Now f is integrable on B, so dominated
convergence gives  int_B |f| = int_B f*F = lim int_B f*f_n = 0. This
implies f = 0 a.e. on B, hence a.e. on R^n.

How does one prove that the space of continuous functions with compact
support is dense in L^1? Also, in L^2?

L^2 functions with compact support are dense in L^2, so it's enough to
prove density in L^2(B), where B is a ball. Let M be the
L^2(B)-closure of the subspace of continuous functions with compact
support in B. If M is not dense in L^2(B), there is an f in L^2(B)
orthogonal to M. Now use the first result.

I can follow this, thanks.


(L^1 follows from this.)

Right, since if f in L^1 is non-negative then sqrt(f) is in L^2, and
if g is in L^2 with ||sqrt(f) - g||_2 < e then the Hölder inequality
implies that

||f - g^2||_1 = \int |sqrt(f) - g|*|sqrt(f) + g|
<= e * (2||sqrt(f)||_2 + e).

We can choose continuous g with compact support such that the RHS is
arbitrarily small, and the general case of complex f follows easily
(have I missed an easier way)?

Another way is to use 1. L^2(B) is dense in L^1(B), and 2. the L^1(B)
norm is <= sqrt(m(B)) * L^2(B) norm.

The following may be a better way to proceed for the questions you
have here.

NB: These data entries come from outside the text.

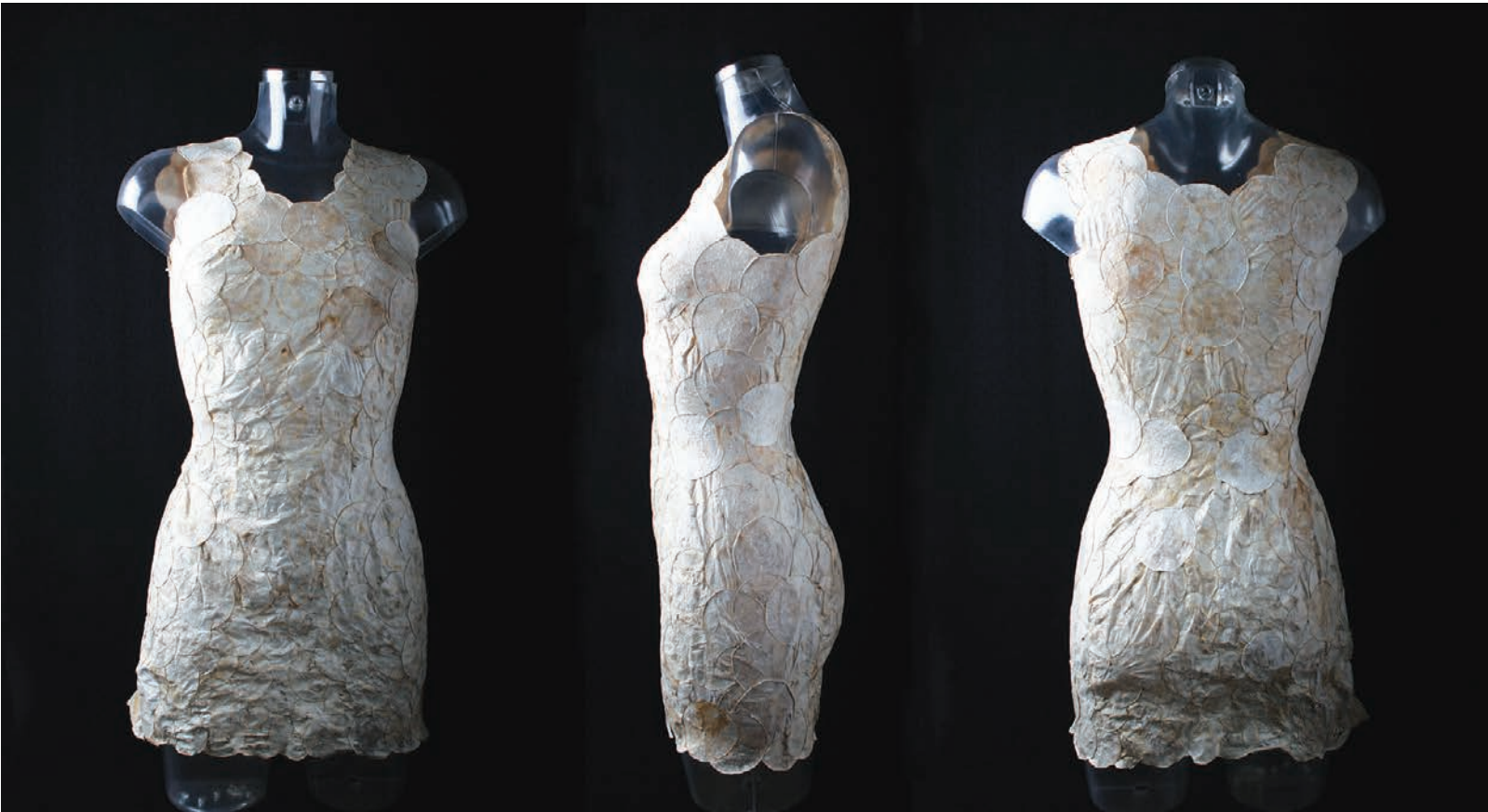
ANIELA HOITINK MycoTex Dress 350 self-adhering discs made of 100% mycelium (mushroom roots) textile, 2015. MycoTex mycelium textile disc sample BELOW .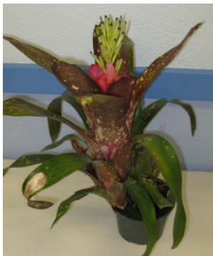
←← Bil. 'Hallelujah' x stolonifera .→→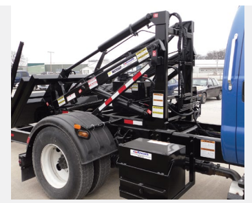
Extra CA can be added for storing lids, welders, toolbox, etc.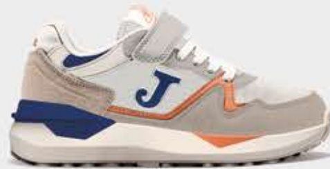
J3080W2525V - 33,99€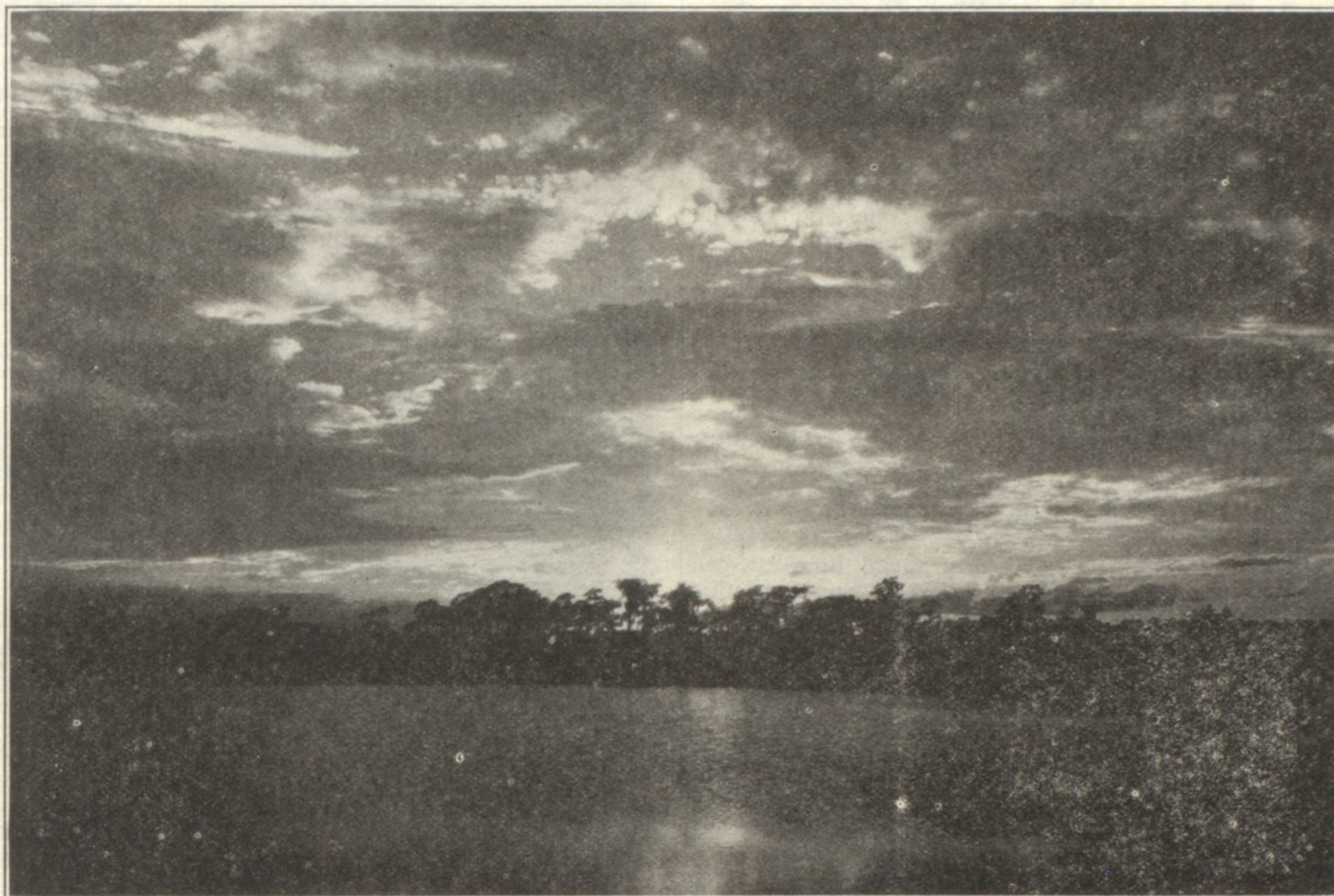
"SUNSET ON LAKE DAVENPORT AS SEEN FROM THE SEVENTH GREEN OF THE HOLLY HILL 18 HOLE GOLF COURSE, DAVENPORT, FLORIDA"

Banish Business Cares— Come Play and Rest in Florida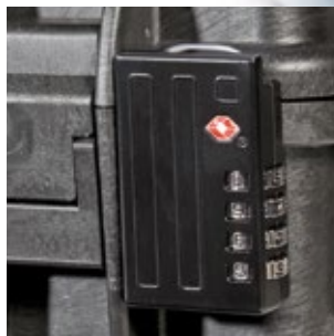
TSA COMBI PADLOCK (Art. EXPL TSA.DIGILOCK)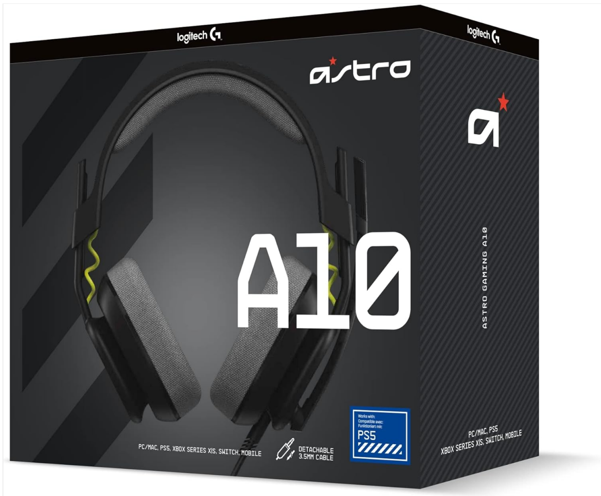
Image: The ASTRO A10 Gen 2 Headset box, indicating the included headset and cables.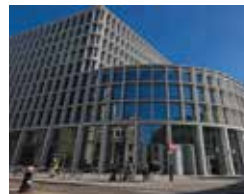
Commercial & Industrial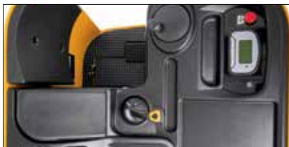
Productivity through ergonomics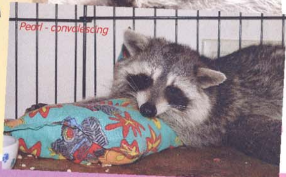
Pearl - convalescing

Venus (released in '06) also came home and managed to squeeze back into one of the enclosures, where she then gave birth to three! And stayed for three months!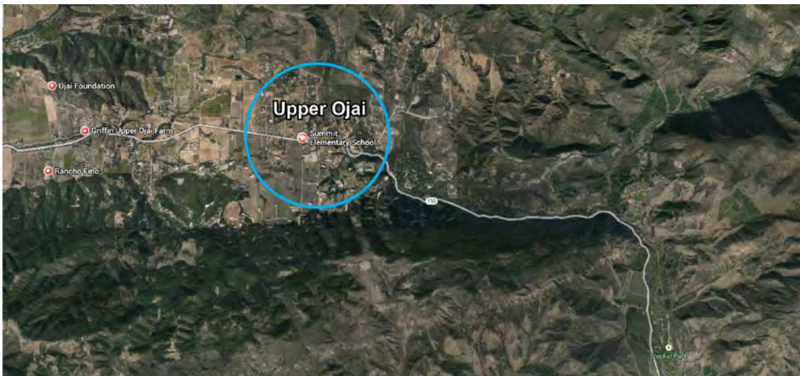
Upper Ojai, California.

Upper Ojai is a rural unincorporated community east of the City of Ojai, in Ventura County. The community is located on State Route 150, between Ojai and Santa Paula. The climate in the area is considered to be Mediterranean, with hot, dry summers, and mild winters. Precipitation averages 21" per year, with most of it falling between November and April. 40 On the map below, the community of Upper Ojai surrounds Summit Elementary School.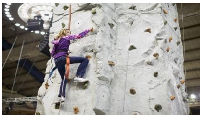
Rock Climbing Wall Large Arena February 3-7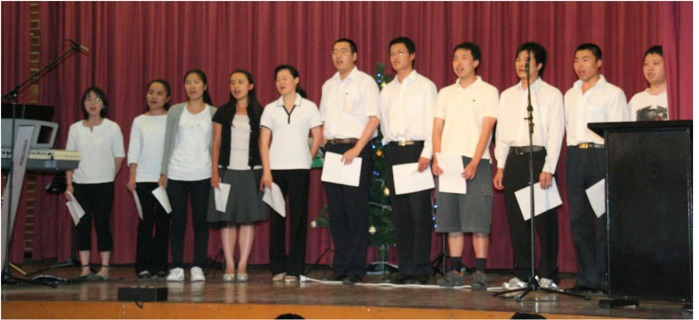
Above: The Chinese Methodist Choir

Briefly, simple functions are dense in every L^p, 1 <= p <
oo, right? So it's enough to show that if m(E) < oo and eps > 0, then
there is a continuous function g with compact support such that ||g -
X_E||_p < eps. But we know there is a compact subset K of E with m(E \
K) as small as we like. Let V_r = {x : d(x, K) < r}. Choose a
continuous g : R^n -> [0, 1] with g = 1 on K, supp g in V_r. If r is
small you will have ||g - X_E||_p < eps as desired.

That answers your questions for L^1, L^2. For your first question,
restrict to B as before and consider the F I defined in my first post.
Then there exists a sequence of continuous functions with compact
support g_n with |g_n| <= 1 everywhere, such that g_n -> F a.e. Why?
We know we can get convergence in L^2, hence there is a subsequence,
let's still call it g_n, that converges a. e. to F. Now let h(z) = z,
|z| <= 1, h(z) = z/|z| otherwise (z is complex). Then h o g_n is the
desired sequence, which leads to the result you want.
.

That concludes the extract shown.